== Segment start ==

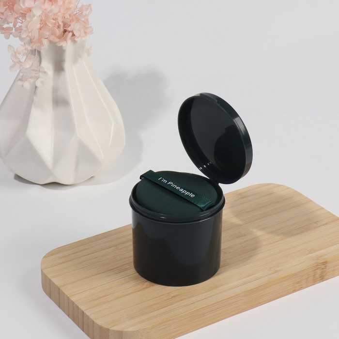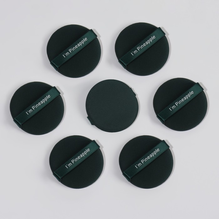 Спонжи для макияжа PINNEAPPLE, набор - 7 шт., d=5.5 см, с держателем, в футляре, цвет изумрудный 10 фото
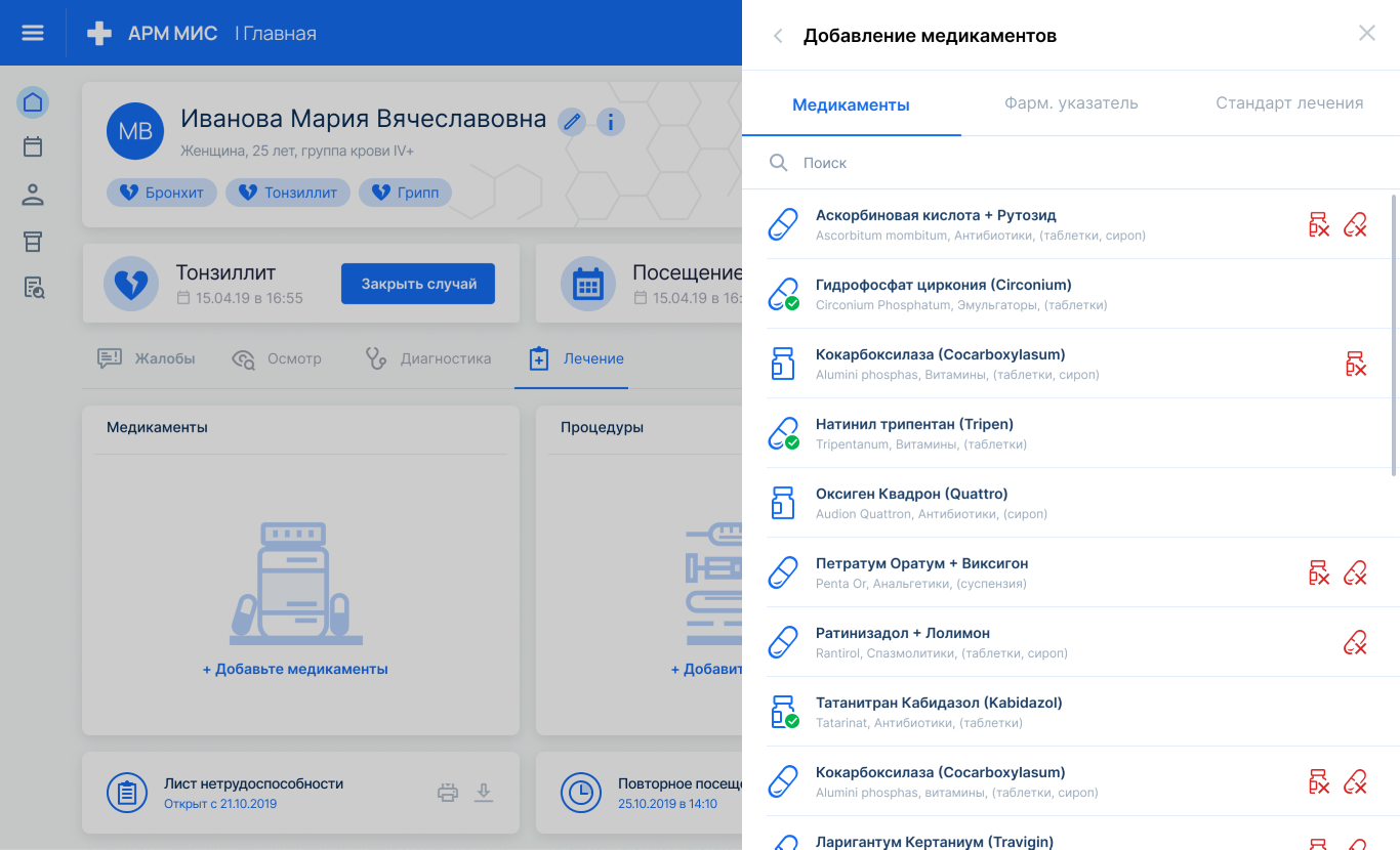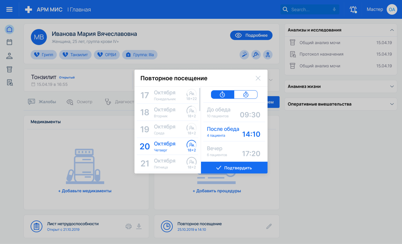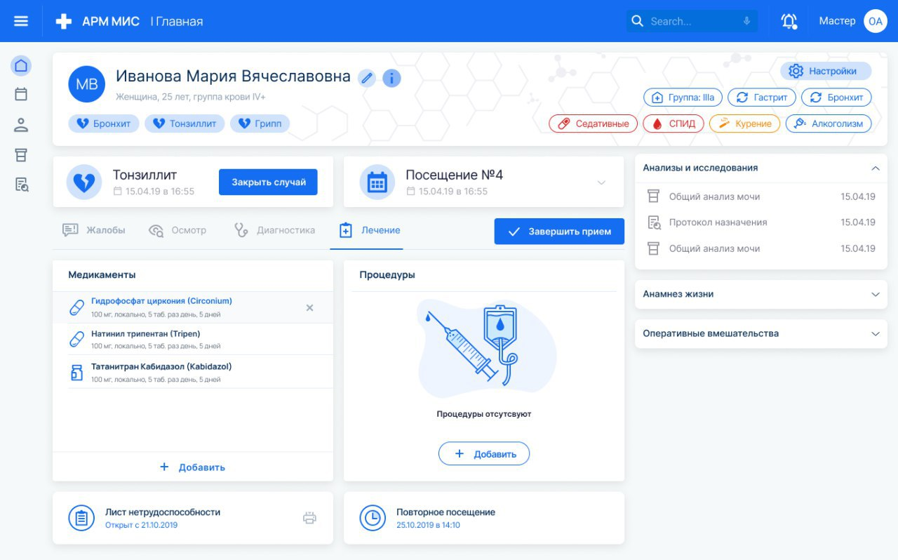 Вместе с повторным посещением, назначением лекарств, выпиской больничного и направлений, внесением всей обязательно информации
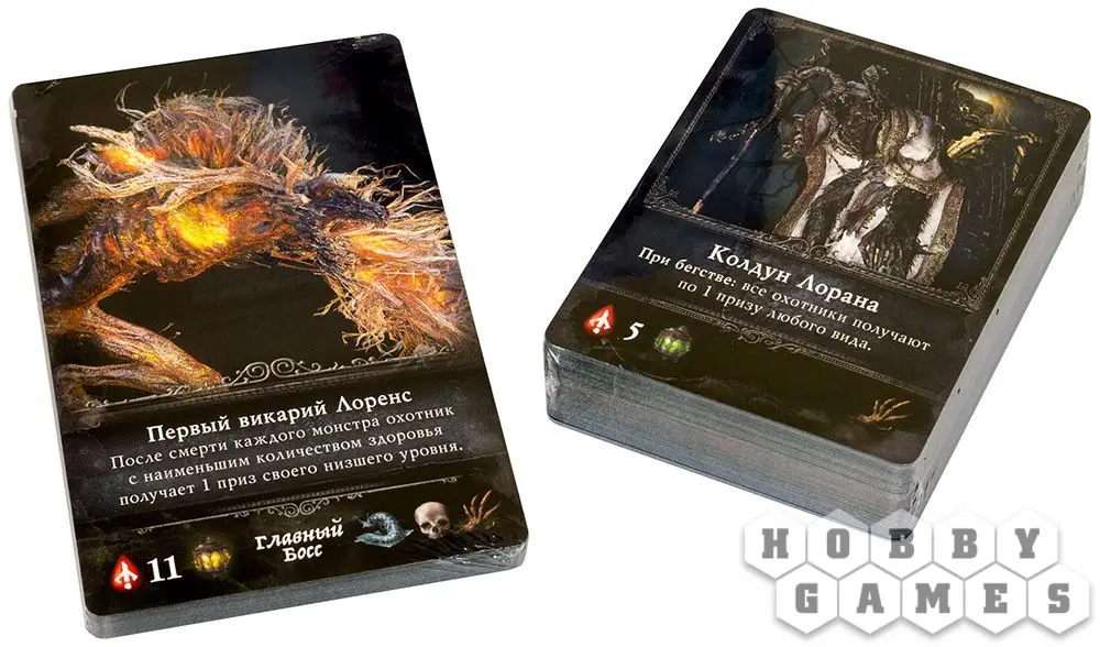 В Bloodborne одержит победу только один из игроков, но при этом командная работая является единственной возможностью одержать победу в битве с монстрами. Против чудовища всем игрокам нужно разыграть по одной карте в закрытую. Если после раскрытия карт урона будет достаточно для победы над монстром, то все получают заслуженную награду. Но может случиться и так, что охотники намерено сыграют карты, чтобы один из них пал от рук босса и потерял свой запас отголосков крови! Только хитрость поможет победить.

== Segment end ==

**PROBLEM DETAILS**.
Write the data out again word for word; leave the pictures behind.

**RESPONSE TO THIS TASK**.
 Спонжи для макияжа PINNEAPPLE, набор - 7 шт., d=5.5 см, с держателем, в футляре, цвет изумрудный 10 фото
 Вместе с повторным посещением, назначением лекарств, выпиской больничного и направлений, внесением всей обязательно информации
 В Bloodborne одержит победу только один из игроков, но при этом командная работая является единственной возможностью одержать победу в битве с монстрами. Против чудовища всем игрокам нужно разыграть по одной карте в закрытую. Если после раскрытия карт урона будет достаточно для победы над монстром, то все получают заслуженную награду. Но может случиться и так, что охотники намерено сыграют карты, чтобы один из них пал от рук босса и потерял свой запас отголосков крови! Только хитрость поможет победить.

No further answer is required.